Why? The group variable \(G\) was a confounder — correlated with both \(X_1\) and \(Y\). Omitting \(G\) caused omitted variable bias.
Lesson: Regression coefficients can change completely — even reverse — when you add or remove a variable. This is why theory must guide your model specification.
Setup: \(Z\) is uncorrelated with \(Y\) (\(r_{ZY} = 0.07\)), but correlated with \(X\) (\(r_{ZX} = 0.63\)).
| Model | \(R^2\) | What happened? |
|---|---|---|
| \(Y \sim X\) | 0.51 | Baseline |
| \(Y \sim X + Z\) | 0.80 | \(R^2\) jumped by 0.29! |
Paradox: Adding a variable with no correlation to Y dramatically improves the model.
Mechanism: \(Z\) “suppresses” irrelevant variance in \(X\), purifying \(X\)’s signal.

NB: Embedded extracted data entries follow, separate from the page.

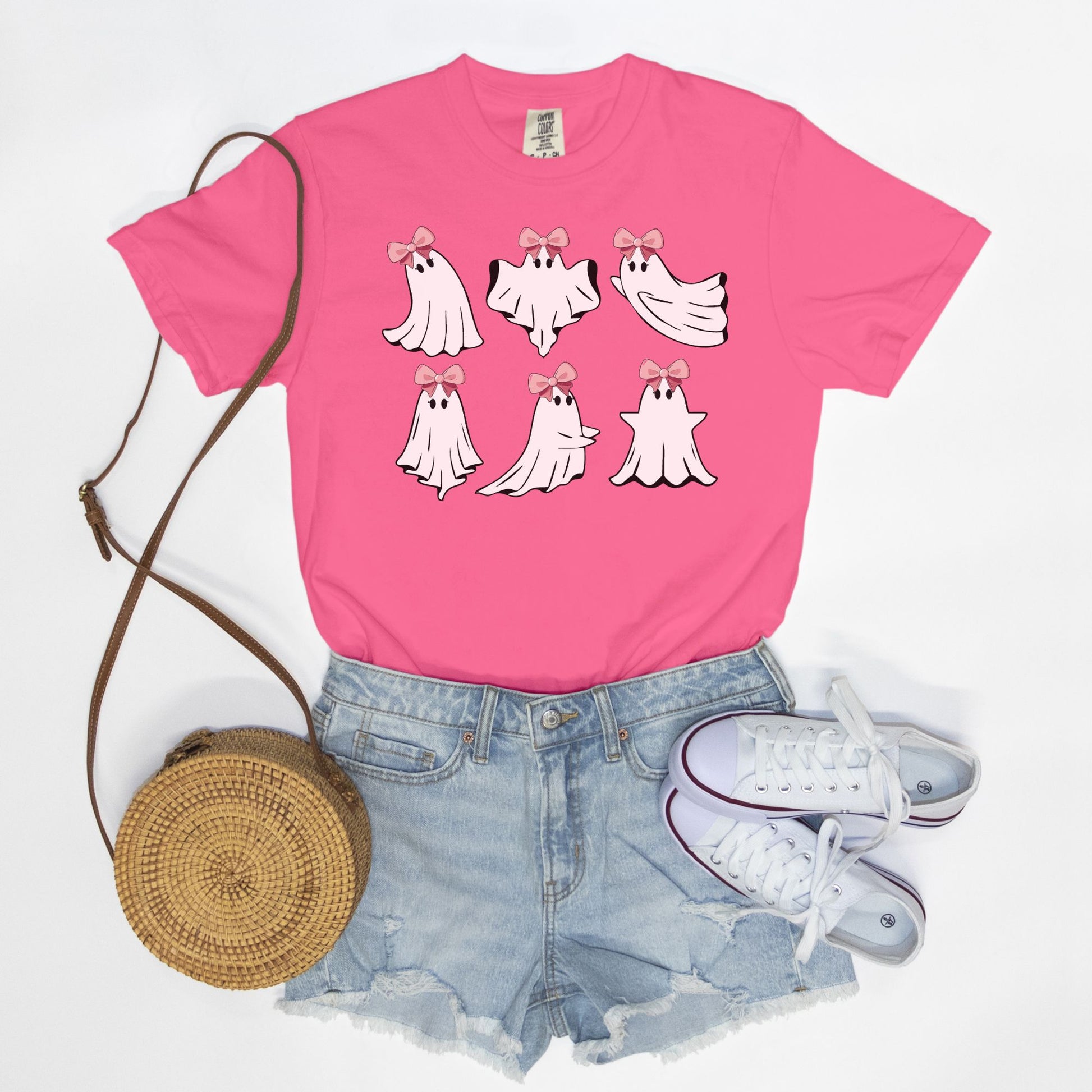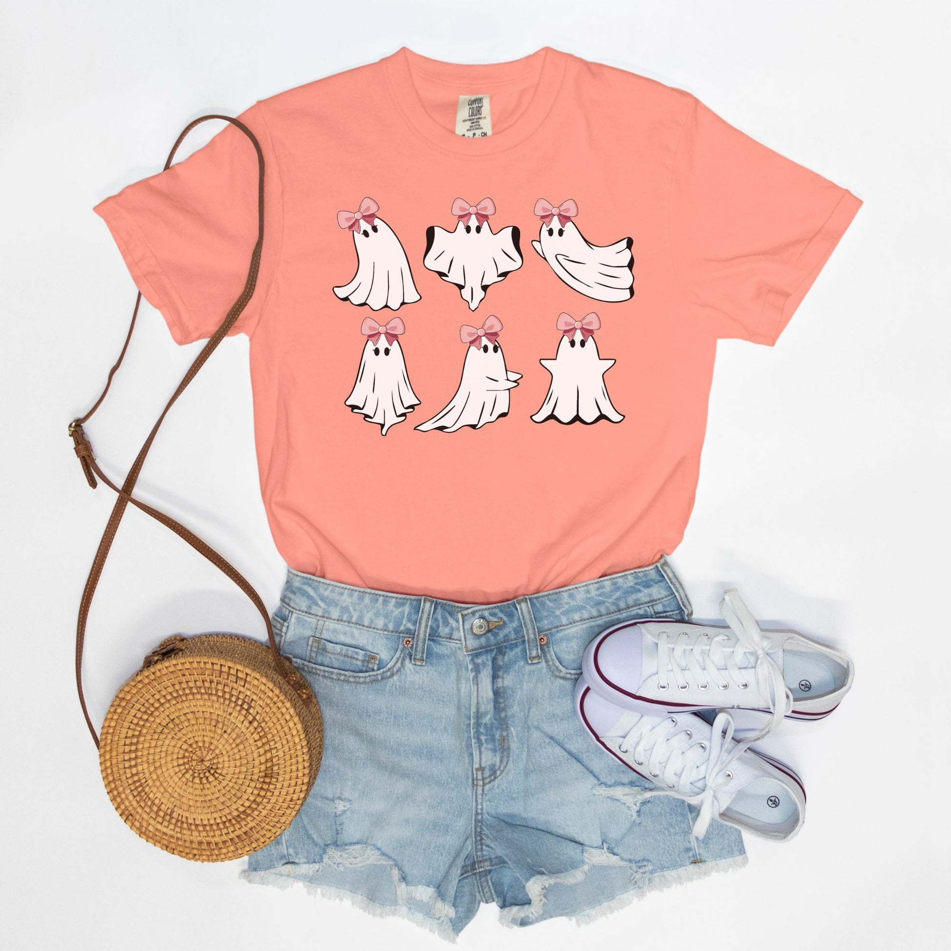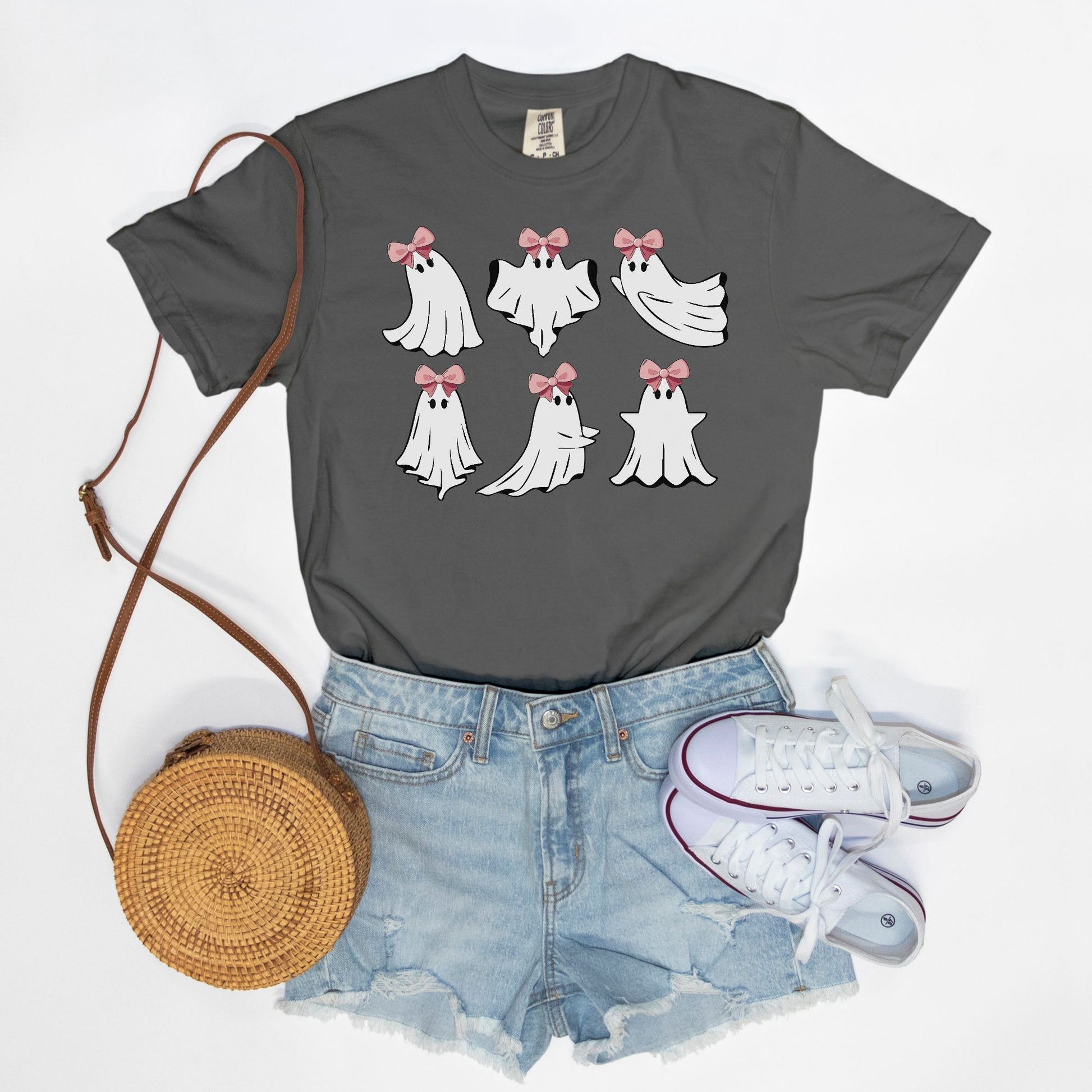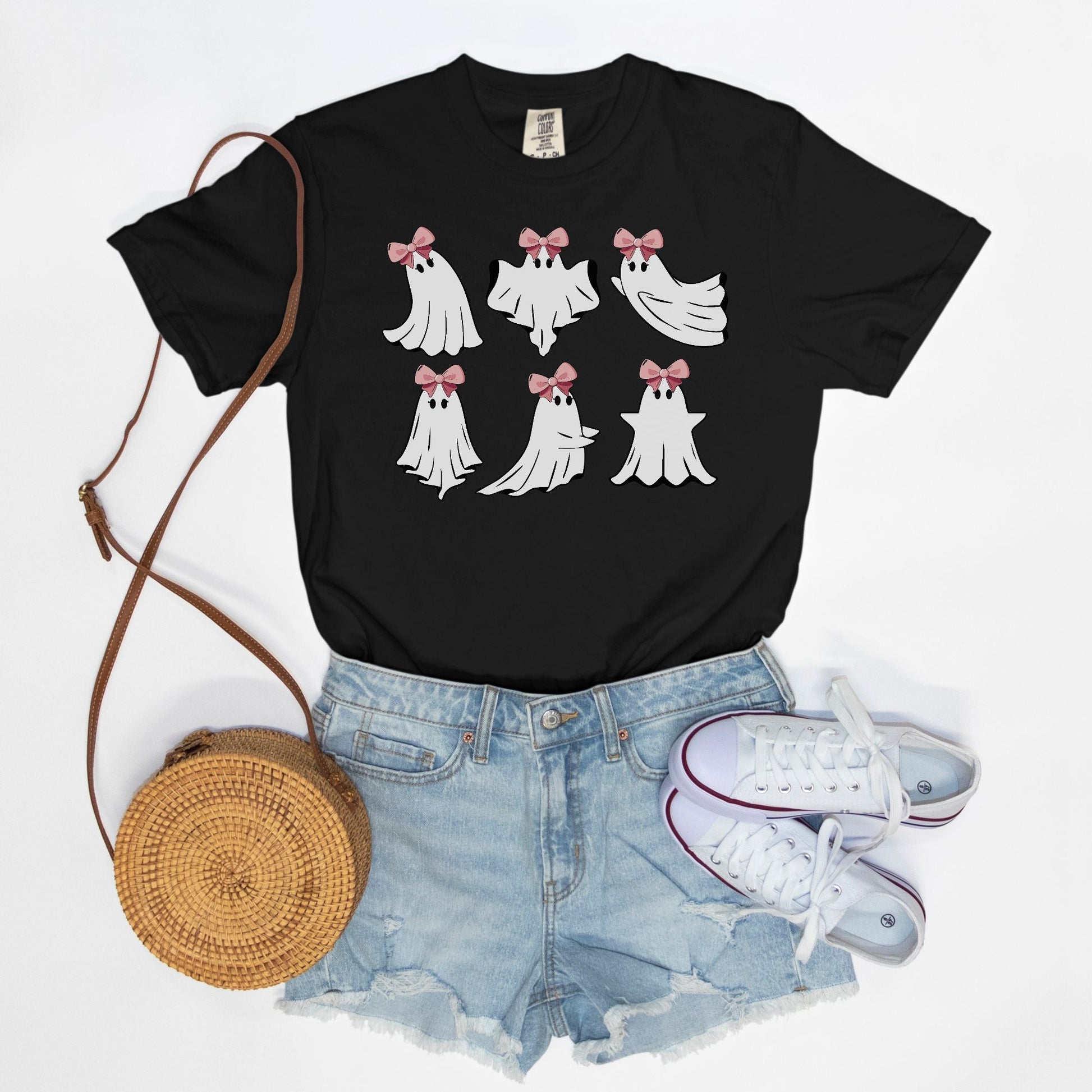 Embrace the spirit of Halloween with the Ghosts With Bows Crewneck. This playful tee features charming girly ghosts adorned with cute bows, perfect for adding a whimsical touch to your festive wardrobe. Available in classic Black, soft Blossom, modern Pepper, and crisp White, it suits all styles. Make a statement this Halloween with a fun design that captures the festive spirit while keeping you cozy and stylish.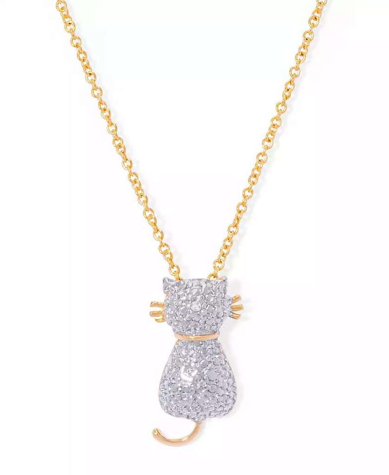 Ciondolo gatto con accento di diamanti collana 18 "in piatto d'oro | Macacy's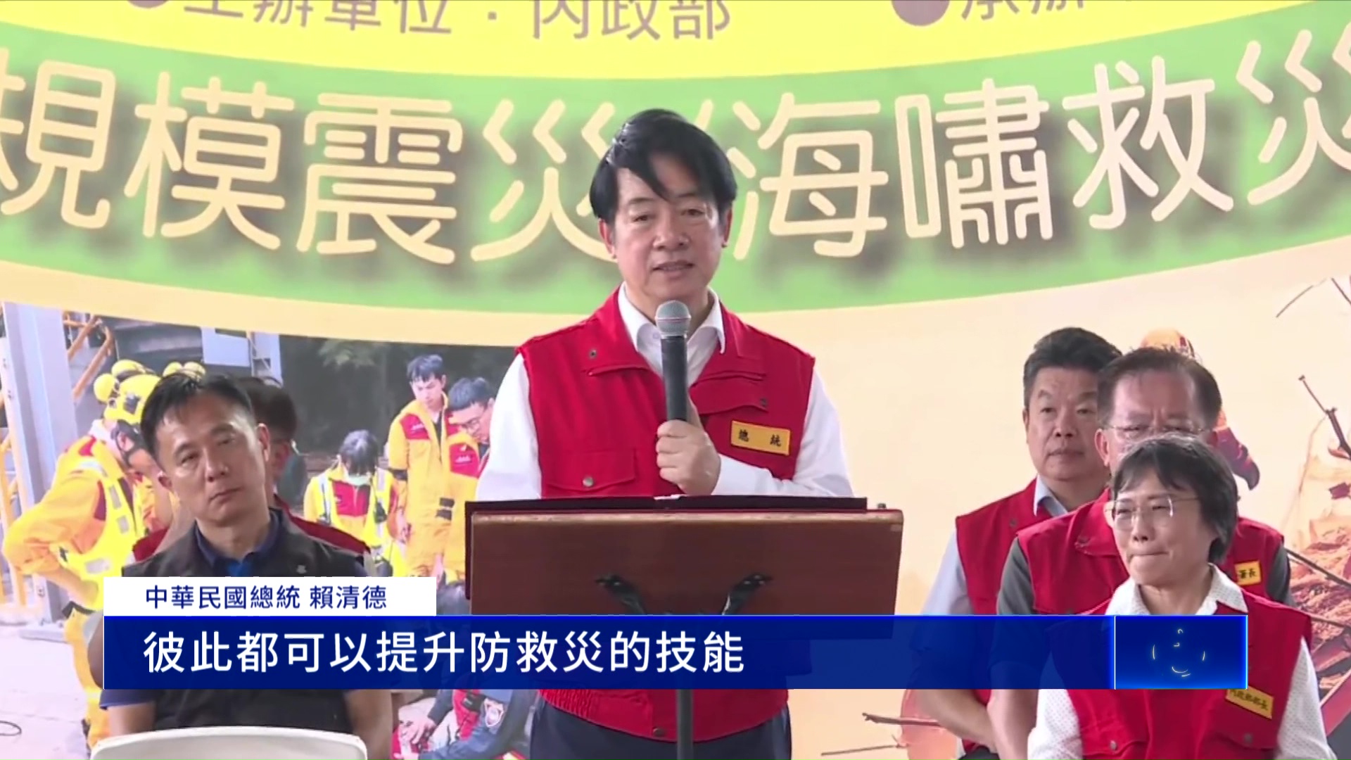 賴總統視察地震防災日演練 美日18國觀摩團出席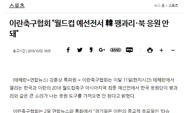 به گزارش عصرایران ، سایت کره ای یوهاب نیوز در گزارشی مدعی شده است که فدراسیون فوتبال در نامه ای به سفارت ایران در کره جنوبی درخواست کرده که تماشاگران کره با رعایت برخی موازین در بازی روز بیستم مهر در استادیوم آزادی حاضر شوند.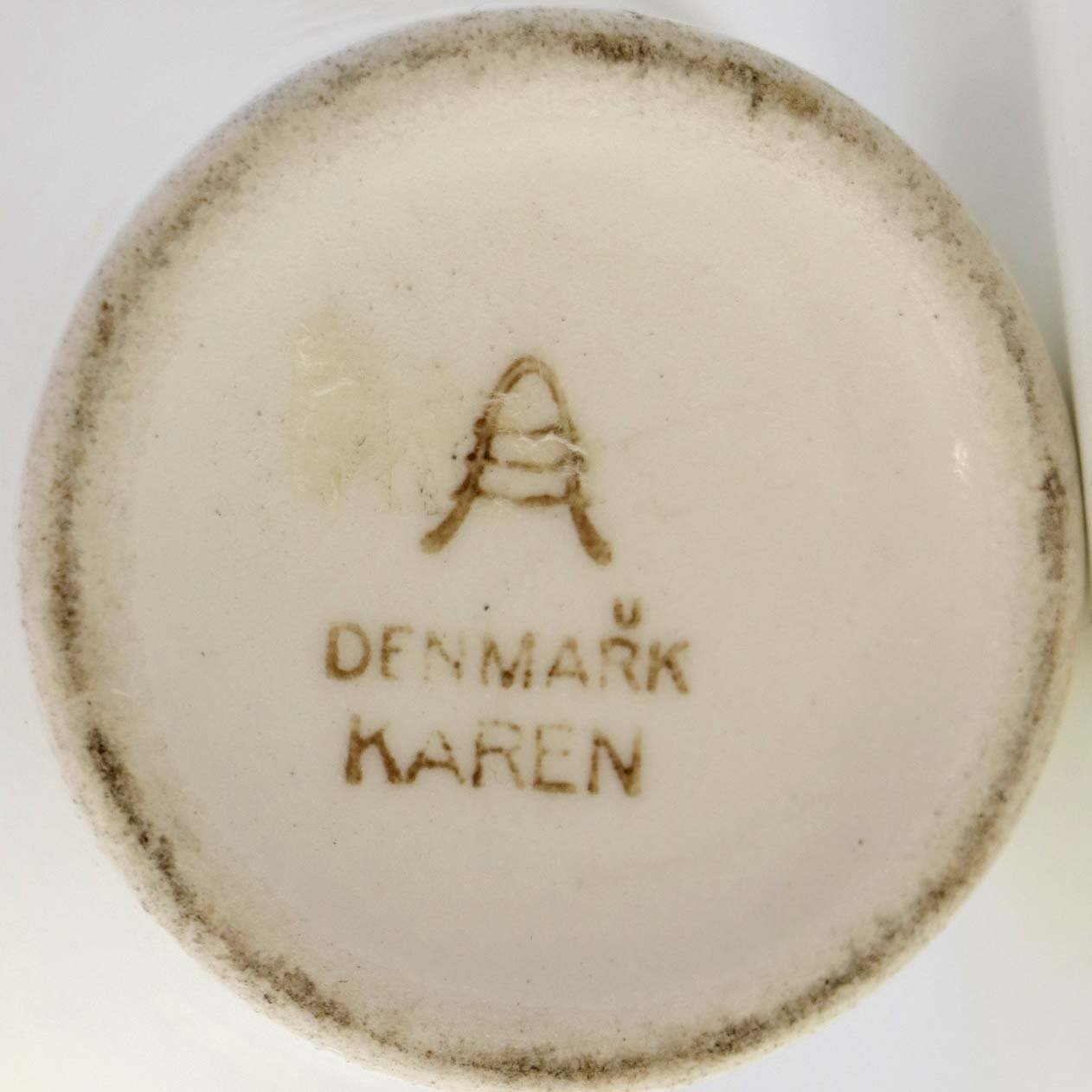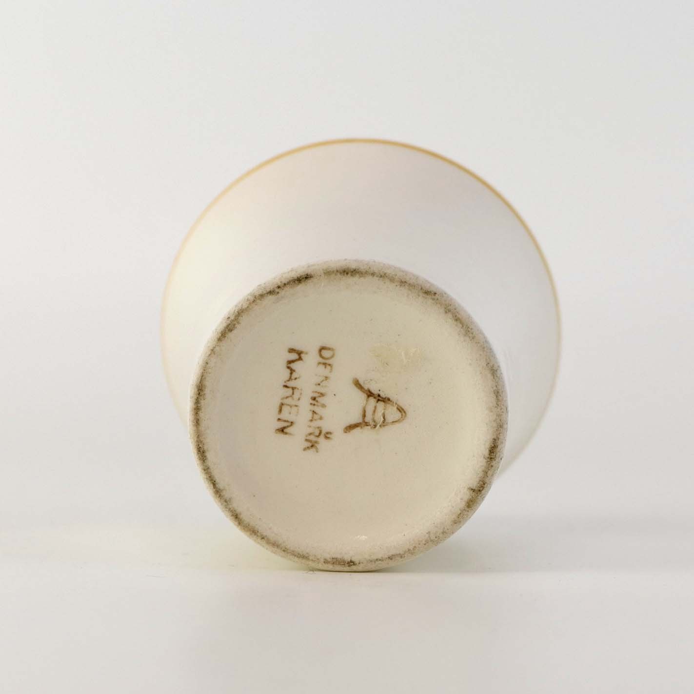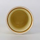 Glat fajancestel med dekoration i brune og gule farver på lys bagggrund med mørkebrun streg.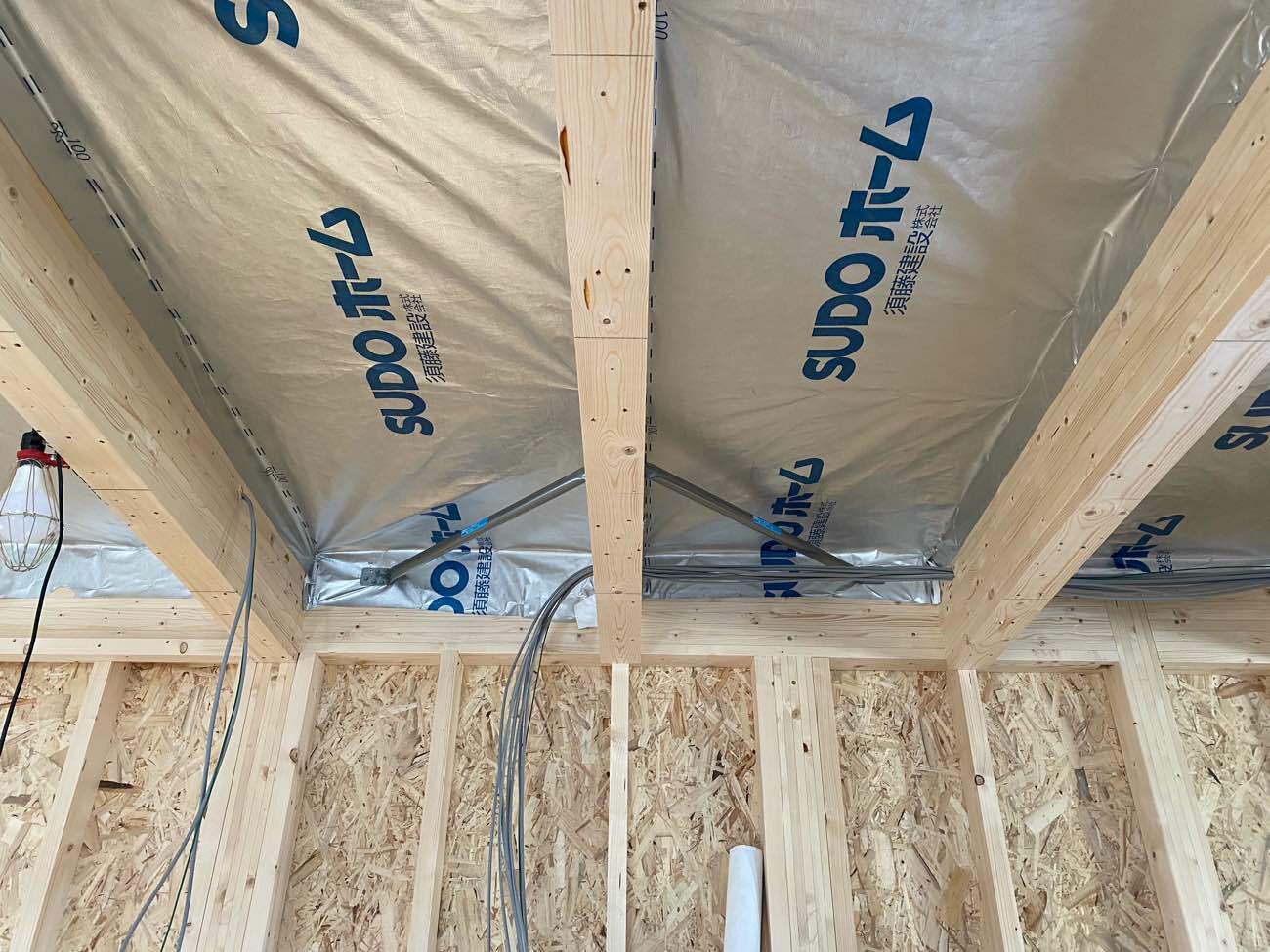 2階の天井にはタイベックを施工します。透湿防水シートと言われるタイベックを貼ることで、

Lesson: A variable’s usefulness in regression cannot be determined by its bivariate correlation with \(Y\) alone.
| Concept | Key Takeaway |
|---|---|
| Multiple regression | Ceteris paribus interpretation; controls for confounders |
| CLRM assumptions | Zero conditional mean (\(E(\varepsilon\|X)=0\)) is the most critical |
| \(R^2\) vs. Adj. \(R^2\) | Always use Adjusted \(R^2\) for model comparison |
| F-test vs. t-tests | F significant + all t’s insignificant → multicollinearity |
| VIF | > 5 warrants concern; > 10 is a serious problem |
| AIC/BIC | Lower is better; BIC more conservative |
| Stepwise | Never use — inflated R², biased coefficients, invalid p-values |
| Table 2 Fallacy | Not all coefficients in a regression are causal |
| Suppressor | A variable’s value depends on the full model, not bivariate \(r\) |